2021 has been a remarkable year for the fintech market, with a record number of deals in every major region — including the Americas, Europe, Middle East and Africa (EMEA), and Asia-Pacific. Fintech investment was incredibly strong, with both venture capital (VC) and private equity (PE) investments soaring to record highs. The breadth of fintech solutions attracting investment continued to expand and grow, with surging interest in cryptocurrencies and blockchain, wealthtech and cybersecurity.
Singapore’s fintech industry hit a five-year high at 191 deals transacted in 2021 according to the KPMG Pulse of FinTech H2’21 report. This is a 37% increase compared to 2020’s deal count (139 deals) and a 91% increase from 2019’s figures (100 deals). Total transaction value in Singapore also surged by 59% year-on-year at US$3.94 billion, across VC, PE and merger and acquisition (M&A) deals in 2021, up from US$2.48 billion in 2020.

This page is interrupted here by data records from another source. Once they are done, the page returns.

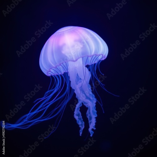 Luminous Blue Jellyfish Floating in Dark Blue Water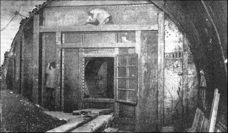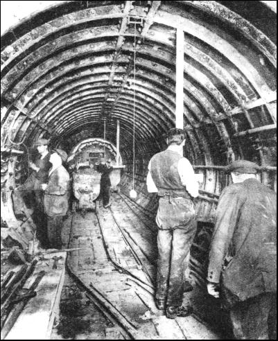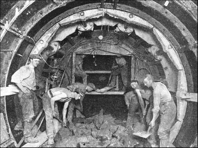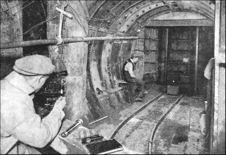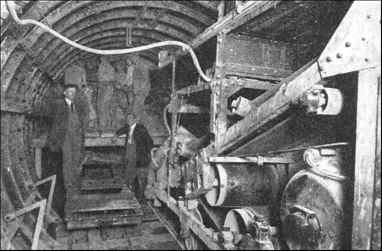 While the shield is being driven steadily forward by the rams, the course has to be constantly checked and measured off to agree with the engineer's plans and prints. This procedure is called banding, as all measurements are made with a steel tape or band which is proof against either stretching or shrinking. The position and direction of the tunnelling is checked by iron dogs or hangers fixed to the roof, set some 35 ft. apart, to which plumb-lines are attached. These hangers are set by the engineer, and the plumb-lines are adjusted in exact line with the theodolite. The position of the shield is ascertained by lowering a bar called a fiddle into place across the horizontal diameter of the shield. The fiddle top is at axis level, and in its middle is a notch denoting the centre of the shield. The workman in charge of the shield drops two of the plumb-lines, and from the farther one he sights through the leading line on to the fiddle. Another workman then puts a small piece of wood with an upright slit, which is illuminated by a candle, on to the fiddle. The man at the shield adjusts this slit until it coincides with the plumb-lines. Then it is seen how much the notch on the fiddle is to the right or left of the tunnel's centre-line, and any error in the shield's position is determined and can be rectified by altering the pressure of the various rams. When the engineer desires to check the level of the shield he has hangers bolted to the roof of the tunnel on which a movable pin is set to be on a precise level parallel with the gradient. From these movable pins, boning rods shaped like the inverted T are suspended. The true axis level of the tunnel is shown by the crossheads of the rods. The workman in the shield once more holds up his piece of wood to the fiddle, but this time with the slot horizontal. Then, taking a sight along the top of the crossheads, he signals for the piece of wood to be raised or lowered until the illuminated slit coincides with his line of sight. The position of the top of the fiddle is then noted in relation to the slit. If below the slit, the shield is low ; if above, the shield is high ; and, as before, such adjustment as may be needed is carried out by the rams. Square lines set out at right angles to the centre-lines of the tunnel, and trailing rods—divided into feet and inches, attached to each side of the shield—also serve to give accuracy. When the shield should be operating along the centre-line, the ganger must obtain equal readings on the scales of the trailing rods, for unequal readings would denote that the shield was out of line. The correct overhang of the shield, if the work is going downhill, and the correct "look-up" if uphill, are checked by a plumb-line. These precautions are taken when the shield is tunnelling on the straight. On curves the engineer provides the ganger with a number of figures which show that for every foot in advance of the front plumb-line the shield's centre should be so much to the right or left of the working lines.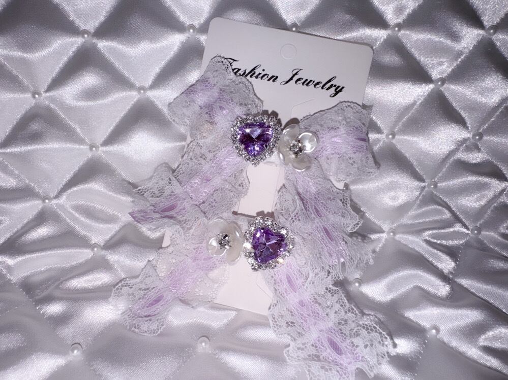 レースとお花ビジューを合わせた春っぽいリボンです。お好みのヘアスタイルに合わせてご利用いただけます!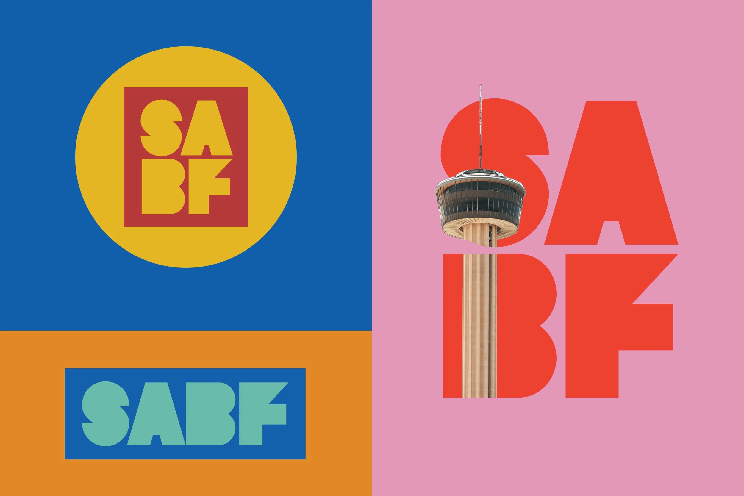 The San Antonio Book Festival (SABF) is an annual all-day event that features over 110 national, regional, local and emerging authors and welcomes more than 20,000 visitors annually. It was important to the client that the new identity not use cliché San Antonio symbolism, such as an Alamo or a rose window. A type-based solution was the way to go! Inspired by research of Mexican art and history, the final wordmark features the acronym SABF set in a 30s-era geometric font and contained in a square. The main colors, red and yellow, are inspired by the San Antonio Central Library, where the festival takes place every year. Other colors in the palette were informed by the colors and vibrancy of the city.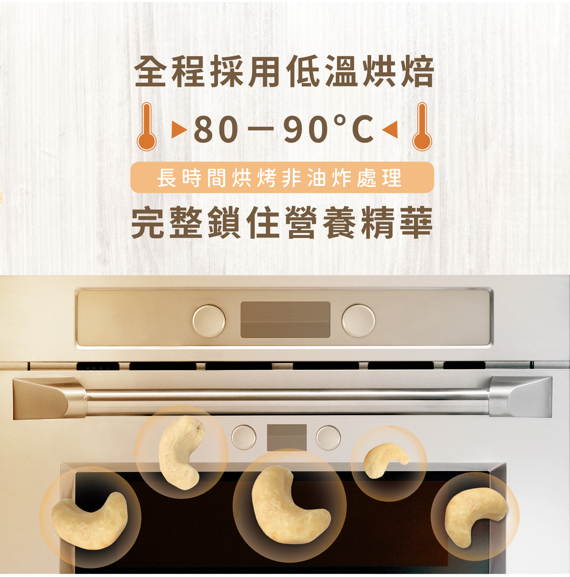 精選獨特熱帶雨林氣候產地越南特大腰果,選用WW180優質果仁規格,比市售腰果大1.5倍,經過耗時低溫烘焙釋放果仁原始香氣,無調味配方,無任何添加,兼具美味營養,酥脆爽口,扎實飽滿,香氣濃郁,是女性最愛的堅果之一。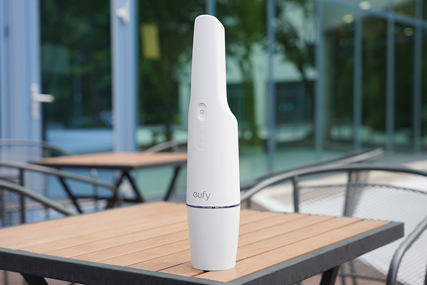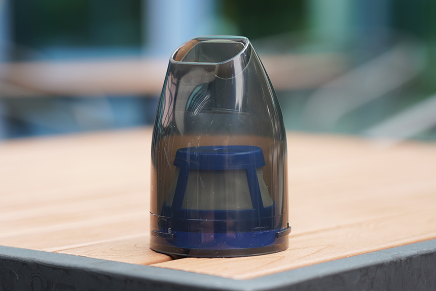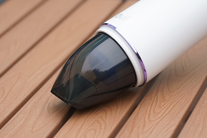 앤커 Eufy 홈백 H11 무선 핸디 청소기의 앞쪽에는 투명한 형태의 먼지함이 배치되어 있습니다. 검은색으로 제작되었기 때문에 먼지가 얼마나 있는지 확인할 수 있지만, 너무 적나라하지는 않다는 특징이 있습니다.
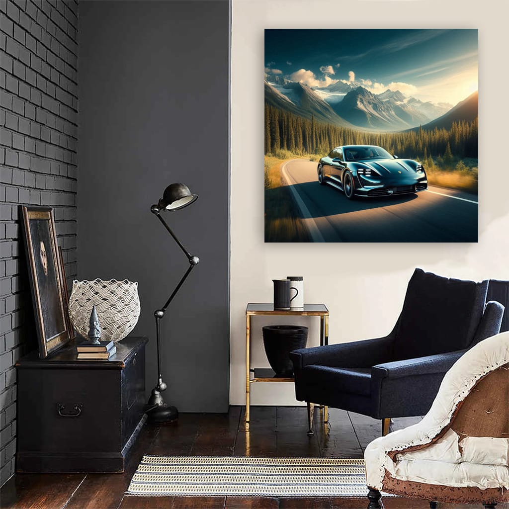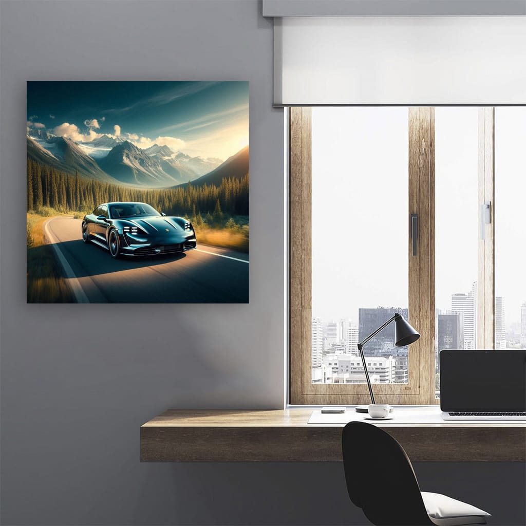 This poster is like a lightning strike: a Porsche Taycan against the backdrop of a valley where the roar of the engine merges with the rustle of the wind. The painting bursts into the interior like a rocket car on the track. Wall art for those who live at the top speed. See more from the collection: Porsche Art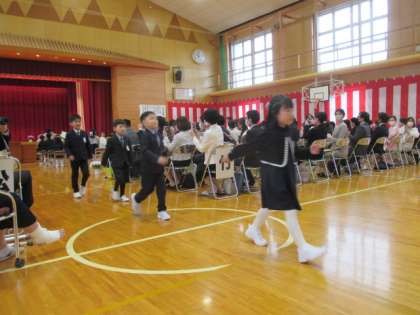 1年生 入学式 公開日 2023/04/07 更新日 2023/04/07 1年生 保護者の皆様と、来賓の方々、そして2〜6年生のお兄さんお姉さんに見守られて、52名の新しい仲間が、杉原小学校に入学しました。どの子も笑顔いっぱいで、元気よく「はい」と返事をしたり、「ありがとうございます」と挨拶していました。

Across 2021, there is a strong sense of renewal with numerous trends working together to drive both established companies and startups to reimagine what financial services means and what it will likely look like in the post-pandemic world.
“2021 has been an incredibly strong year for the fintech market globally, with the number of deals soaring to record highs across the board,” said Anton Ruddenklau, Global Fintech Leader, KPMG International, who is based in Singapore. “We’re seeing an incredible amount of interest in all manner of fintech companies, with record funding in areas like blockchain and crypto, cybersecurity and wealthtech. While payments remain a significant driver of fintech activity, the sector is broadening every day.”
“Cryptocurrencies and blockchain are expected to remain very hot areas of investment in 2022, with more crypto firms looking to regulators to provide clear guidance on activities in order to help foster and develop the space. In Singapore, the surge in investments into crypto and blockchain have also outpaced that of payments which long held the top spot here,” said Anton. “Given how many banks are beginning to see the major limitations inherent in their legacy architecture and technologies, we are also expecting a surge in investment into banking replacements able to help them rethink core banking services.”